2. Run the notebook:
3. Compare to the CPU result (timing and a quick visual diff). For a number, compute MSE:

```python
from yuv_filter_numpy import yuv_filter_numpy
cpu = yuv_filter_numpy(np.array(Image.open('input.png').convert('RGB')), 1.15)
import numpy as np
mse = np.mean((cpu.astype(np.int16) - out_rgb.astype(np.int16))**2)
print('MSE vs CPU:', mse)
```

---

## Deliverables

* **Diagram/Screenshot** of the Vivado Block Design (PS, DMA, DataWidthConv if used, HLS IP).
* **Timing table** (CPU vs.
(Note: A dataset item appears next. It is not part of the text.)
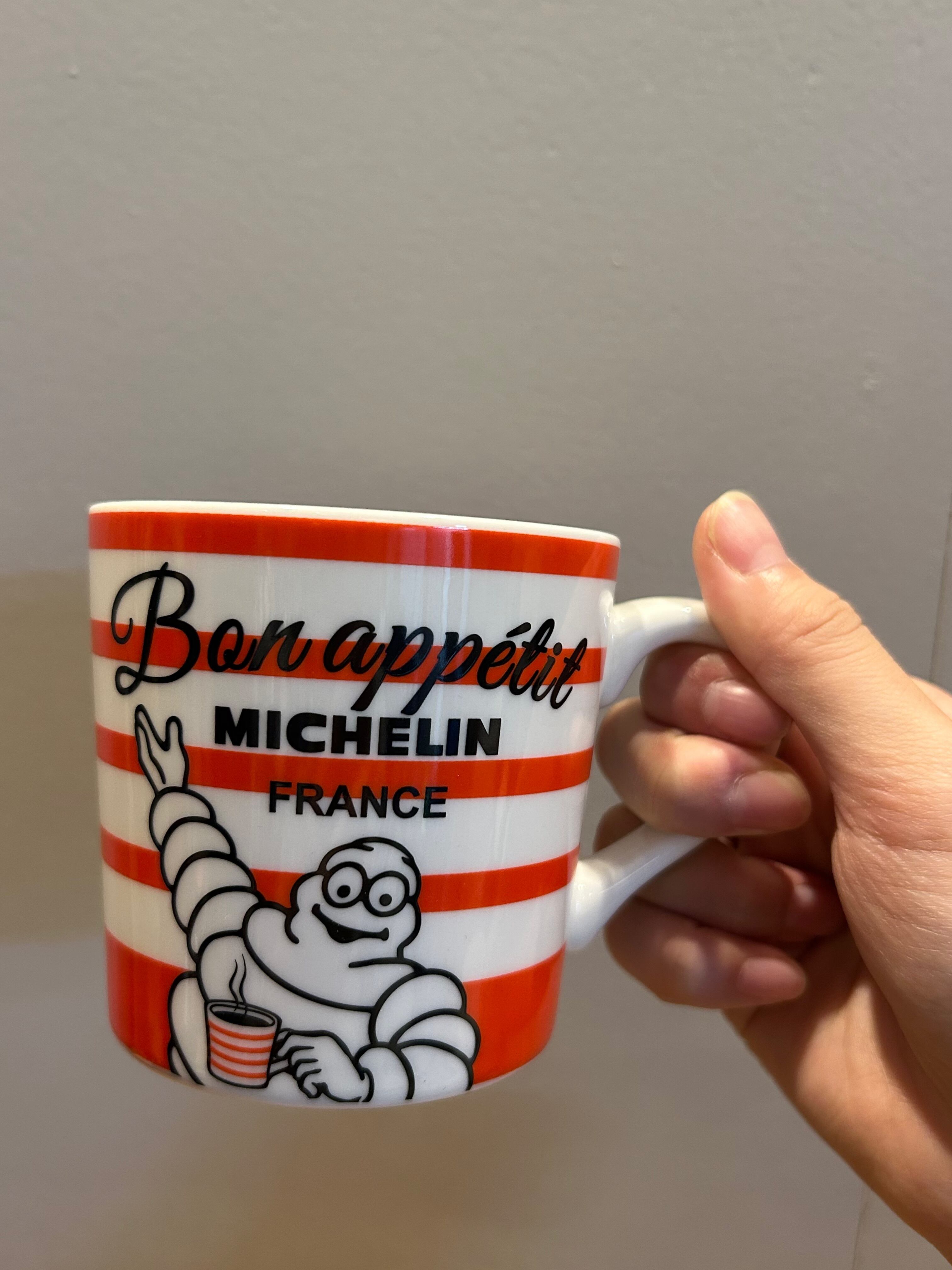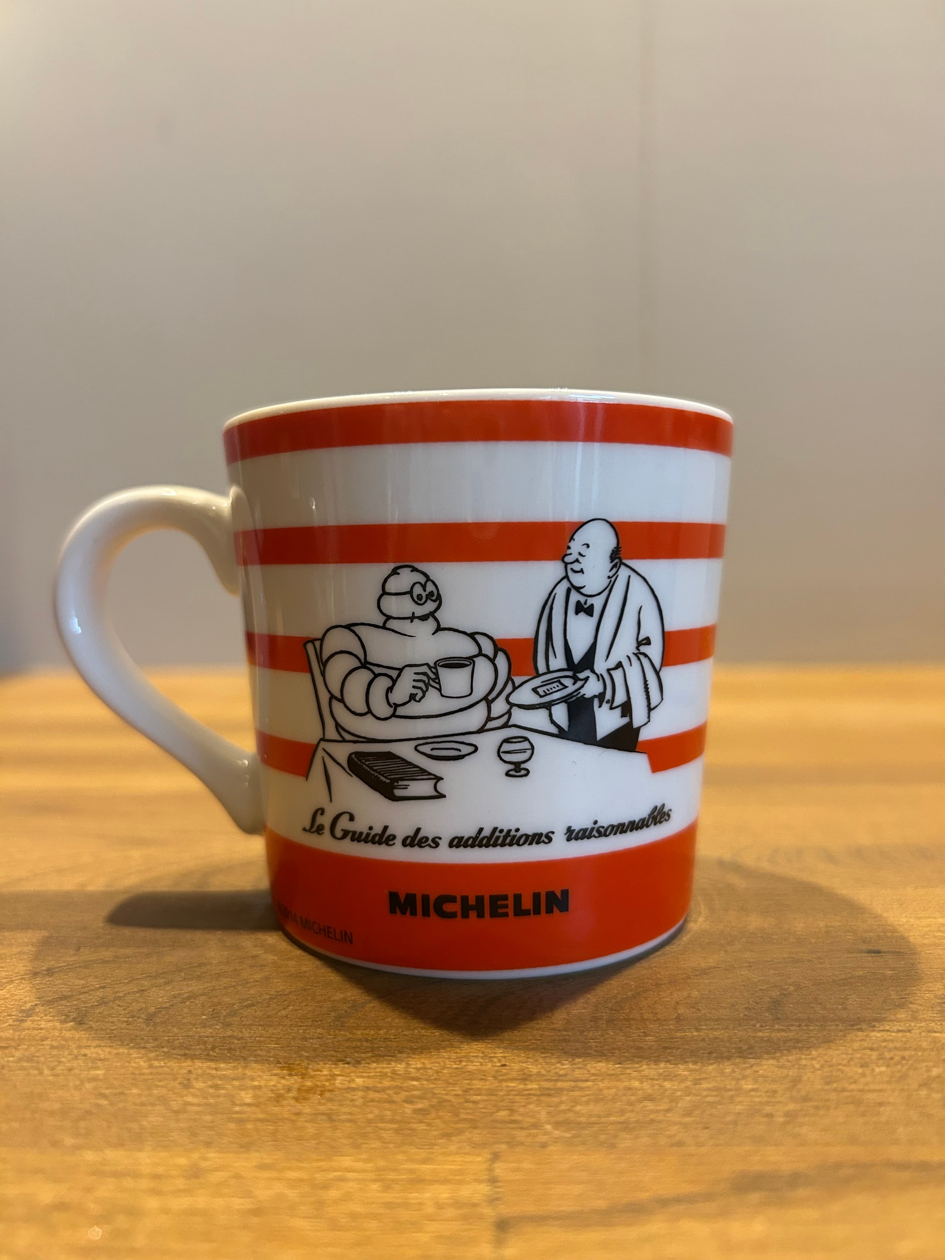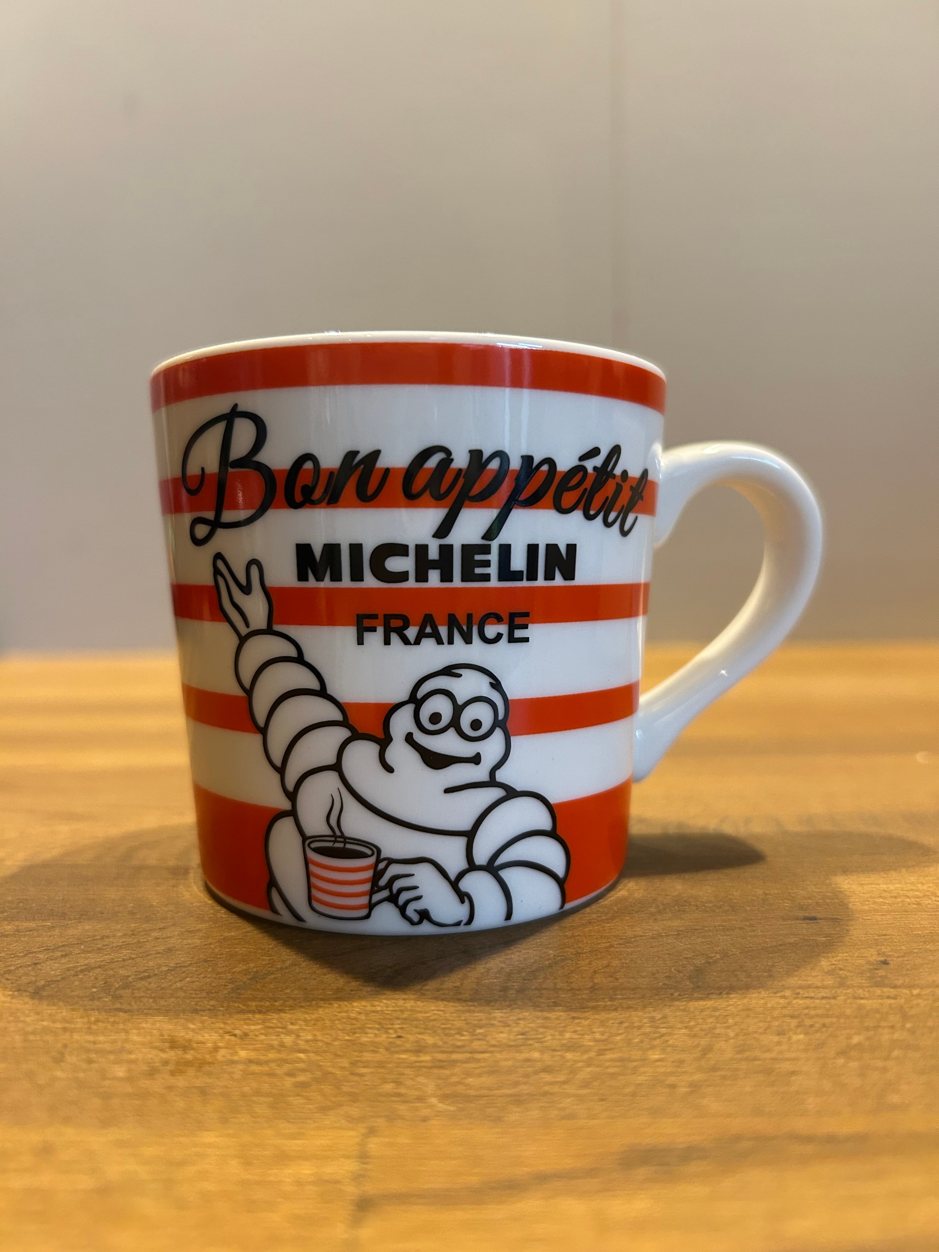 オレンジのストライプが施されたこのマグカップは、朝のコーヒータイムやティータイムにぴったり!

HW) for at least two `scale_Y` values and two image sizes.
* **Result images** (CPU and HW) for one case.
* **Notes**: stream width choice, TKEEP/TLAST handling, clocking, any issues + fixes.

---

## Troubleshooting

* **Can’t see IP in Vivado:** Add the correct repo folder (contains `component.xml`) and *Refresh*.
* **DMA errors / hangs:** Ensure both DMA control ports are mapped, clocks connected, and `recv.transfer()` is called **before** `send.transfer()`; wait on both.
* **No `.hwh` found:** It’s generated alongside the block design; search the project tree for `*.hwh`.
* **Color looks off:** Remember the RGB↔YUV math uses limited‑range offsets (16/128). Check for extra scaling or incorrect channel order.
* **Throughput low:** Enable `#pragma HLS DATAFLOW` and ensure each stage reads/writes the stream once per pixel (II≈1). Keep PL at 100 MHz initially.

---

## Optional extensions

* Filter **U/V** channels (e.g., chroma denoise) and compare artifacts.
* Swap to **VDMA** and operate on video frames/lines with `TLAST` per line.